=== Data shown ===

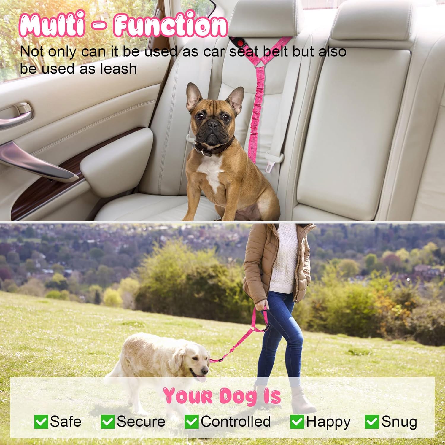 • PRACTICABILITY: Our durable leash Not only can use for car ,but also can be converted to a traditional hand-held leash whenever you need. In addition,It is easy to have the pets secured to a tree or other strong post to keep pets safe when you need.
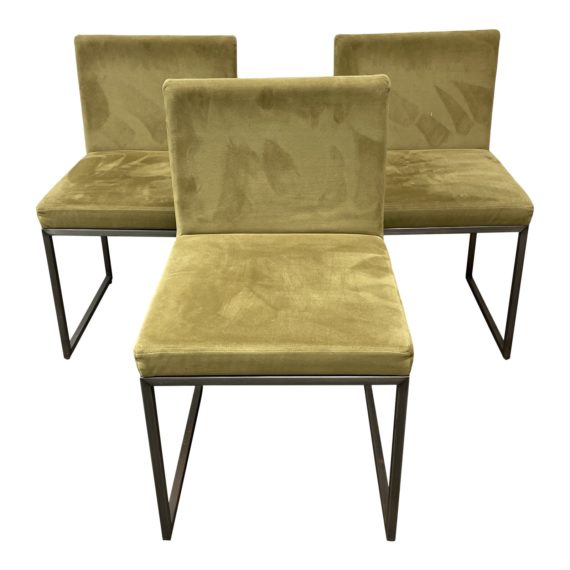 Design Plus Gallery presents a Set of Three Suffolk Chairs by Desiron. Hand Crafted, American-made Furniture. Stainless Steel frames welded by skilled artisans. The seat is upholstered in an olive green fabric. Visible and minor wear on fabric. The metal shows rust and will need proper restorations.
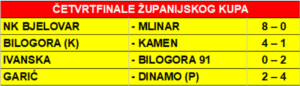Pored NK Bjelovara koji je rezultatom 8:0 kao domaćin pobijedio Mlinar iz Gornjih Sređana, saznali smo i ostala tri kluba koja će igrati u polufinalu kupa Nogometnog saveza Bjelovarsko – bilogorske županije. To su Bilogora 91 iz Grubišnog Polja, Dinamo iz Predavca i Bilogora iz Kapele.
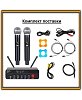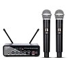 Беспроводная вокальная радиосистема с двумя ручными микрофонами, обеспечивающая работу на расстоянии до 100 метров, питания от элементов типа AA.
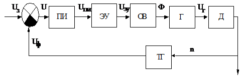 генератора. С двигателя сигнал передается на элемент 6 (тахогенератор) и он
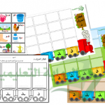 يضع الطالب البطاقة على حصيرة القطار في مكانها الصحيح وفق موقع الحرف المكتوب على القطار.
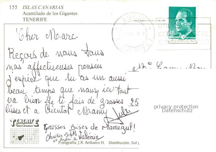 74034287 old postcard Tenerife Islas Canarias Spanien ES Acantilado de los Gigantes Panorama Tennisanlage postalisch gelaufen Erhaltung siehe scans [FriedD77] KatCode: 11510

===

In the listing, find the line containing "يضع الطالب البطاقة" and repeat it and every later line through the last one, word for word, excluding the pictures.

 يضع الطالب البطاقة على حصيرة القطار في مكانها الصحيح وفق موقع الحرف المكتوب على القطار.
 74034287 old postcard Tenerife Islas Canarias Spanien ES Acantilado de los Gigantes Panorama Tennisanlage postalisch gelaufen Erhaltung siehe scans [FriedD77] KatCode: 11510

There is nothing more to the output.